Skip to main content

The Atomic Architecture

msh unifies ingestion, transformation, and deployment into a single atomic workflow. This architecture ensures that your data warehouse is always in a consistent, valid state.

The Pipeline

The following diagram illustrates the lifecycle of a single asset run, from source to production view.

Pipeline Flow Diagram

Key Components

1. The Engine (Ingest)

Powered by dlt, the engine extracts data from APIs or databases. It handles:

  • Schema Evolution: Automatically adapting to new columns.
  • Normalization: Unnesting JSON into relational tables.
  • Incremental Loading: Fetching only new data using cursors.

2. The Transformer

Powered by dbt, the transformer compiles your SQL logic.
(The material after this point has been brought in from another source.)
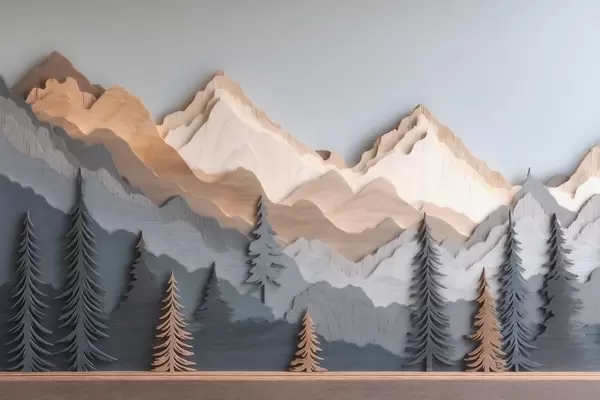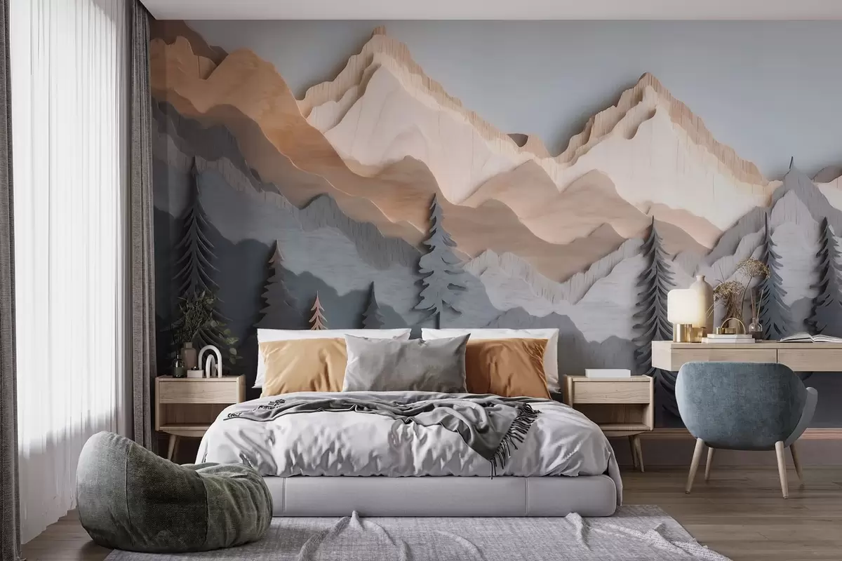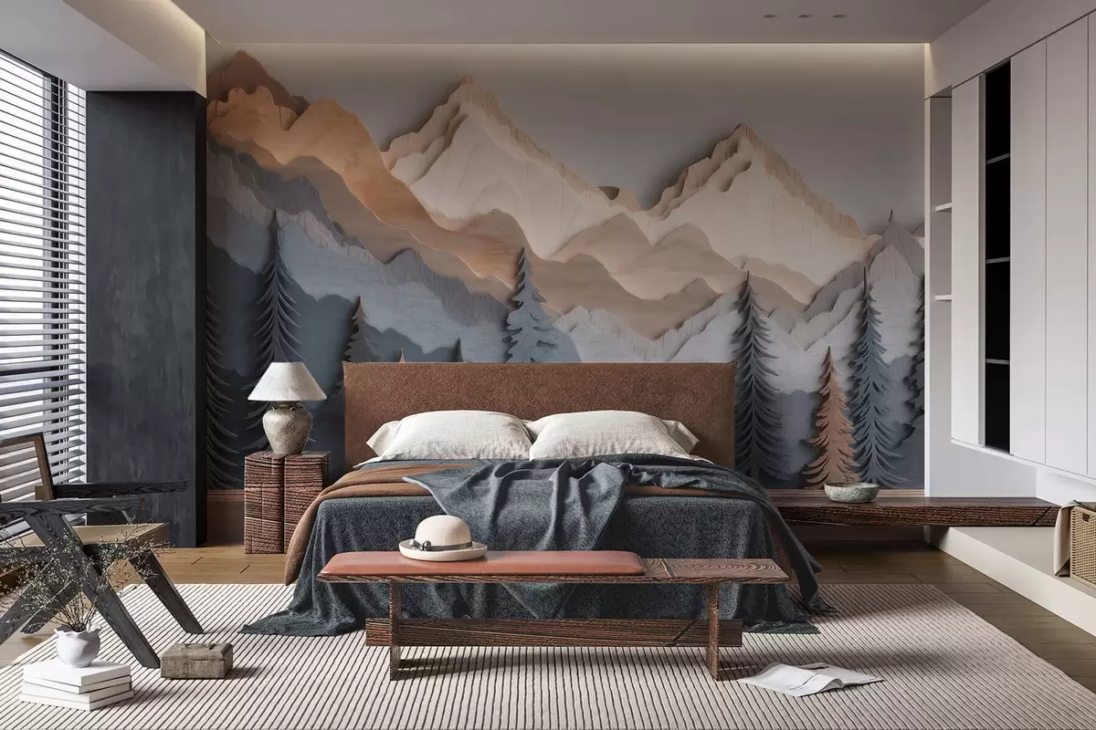 Тапете за зид Природни пејзаж са боровима и планинама у стилу резбареног дрвета бр. w09793
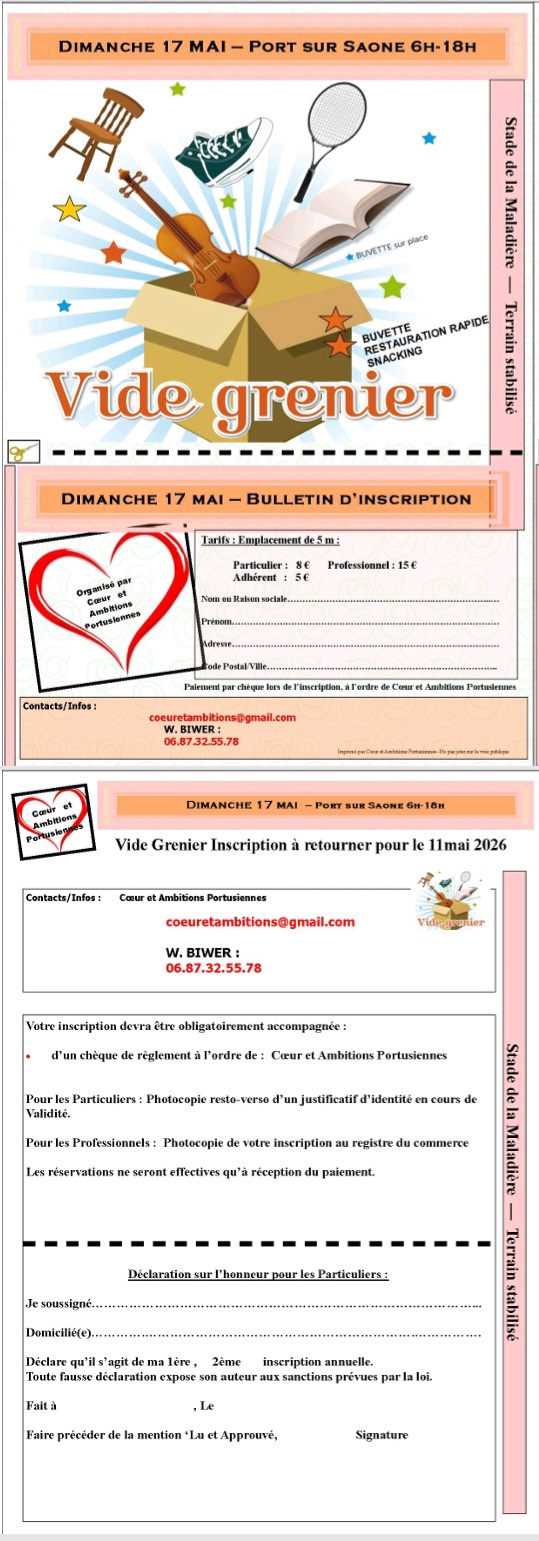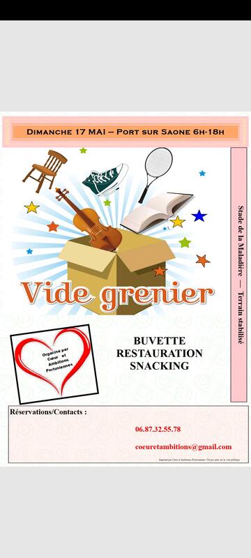 Vide-grenier organisé le 17 mai 2026 par l'association cœur et ambitions portusiennes au stade de la maladière (terrain stabilisé) à port sur saône

  • Isolation: It reads from the specific Raw Table _hash created by the engine, ensuring isolation from other concurrent runs.
  • Compilation: Jinja templates are resolved to pure SQL.

3. The Lifecycle Manager

The brain of msh. It orchestrates the Blue/Green Deployment:

  1. Create: A new "Green" table (Model Table _a1b2) is built.
  2. Test: Data quality tests run against this Green table.
  3. Swap: If tests pass, the Production View is atomically updated to point to the Green table.
  4. Cleanup: Old versions are retained for a configurable period for rollback, then dropped.

State Management

msh maintains a lightweight state in your destination warehouse (in the msh_state_history table). This "Remote State" allows msh to be stateless application-side, making it perfect for ephemeral runners like Kubernetes jobs or AWS Lambda.